June 20, 2017

Into The Dim Review

This week's novel is Into the Dim by Janet B. Taylor.  I flew to Austin on Thursday and flew back on Friday, and I read this whole book while waiting at the gate and sitting on the plane.  It was a good airplane book.

Hope has an eidetic memory, which she finds overwhelming to the point that it has given her a handful of phobias, which keep her isolated, fragile, and sheltered.  When her mother dies, her father sends her to spend the summer with her aunt in Scotland, where Hope discovers that her mother was a time traveler and she's not dead but trapped in the 12th century.  Hope and two other teenagers must travel back in time, where they have 72 hours to find and save her mother.
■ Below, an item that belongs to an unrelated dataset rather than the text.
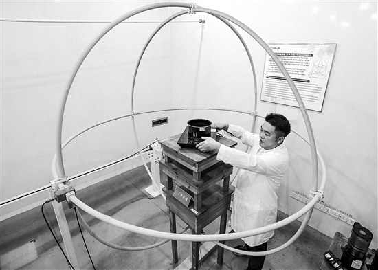 图为7月24日,技术人员在新宝股份认证测试中心运用三环天线测量电磁炉磁场感应电流。
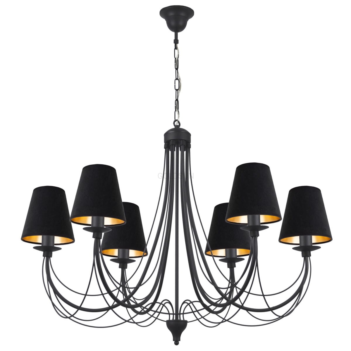 To jasne, że urządzając swoją przestrzeń nie możesz zapomnieć o oświetleniu ale czemu kupując piękne meble miałbyś powiesić na suficie banalną lampę? Oczywiście, że nie dlatego postaw na lampę wyjątkową, która będzie królową Twojego salonu. Duży żyrandol do salonu JEWESOS to propozycja do eleganckich, przestronnych salonów. Czarny żyrandol z pięknym stelażem o lekkiej, nieprzytłaczającej wnętrza konstrukcji został wykończony pięknymi abażurami z czarnego weluru ze złotym wnętrzem, dzięki czemu daje efekt niezwykłej elegancji. Akcenty czerni i złota obecne w wystroju wnętrza świetnie podkreślą urodę tej niebanalnej lampy sufitowej. Żyrandol jest idealną propozycją zarówno do domów jak i do miejsc użyteczności publicznej typu restauracje, sale balowe, czy hotele.

I really liked how Taylor portrays Hope's feelings of being overwhelmed--her panic attacks, her claustrophobia.  It's visceral prose and taps into the panic attacks I've had.  It made me sympathize with Hope.

She lost some of that sympathy by being so far behind me on picking up on what was going on.  She finds a hidden machine with a bunch of dates scrolling by, a bunch of period accurate and painstakingly labeled costumes, and a bunch of freakishly well preserved artifacts, one of which is a clear 900 year-old depiction of her mother.  And she's like "What's going on?!?"  It's time travel.  Come on.  Keep up.  And this happens through the whole story, which is made predictable since all the Chekhov's guns are very clearly marked so there aren't many surprises.  It's frustrating.

There were a handful of frustrating tropes that popped up.  There was Hope's "I'm better than other girls because I'm smart and not a slut."  There were the adults purposefully not answering Hope's questions until "later" when Hope's knowing would better fit the narrative.  There's the rampant violence against women because how else are you going to show that characters are bad guys.  There were the adults sending a team of children on a dangerous mission through time--a mission the adults attempted previously and failed--because they were "the only ones" who could do it.  If you're going to send someone back in time, why tell a kid about time travel to send her back instead of bringing in a competent adult and telling them about time travel and sending them?

And then I didn't care about the time period.  I know some people love it, but it smells like fertilizer, there's a risk of catching small pox, there's the previously mentioned rampant violence against women, and some pretty absurd racism (which isn't all that more absurd than other time periods, I guess).  It wouldn't be my first pick.

But it's a short read with some really lovely moments of prose (That first chapter!  Be still my heart!)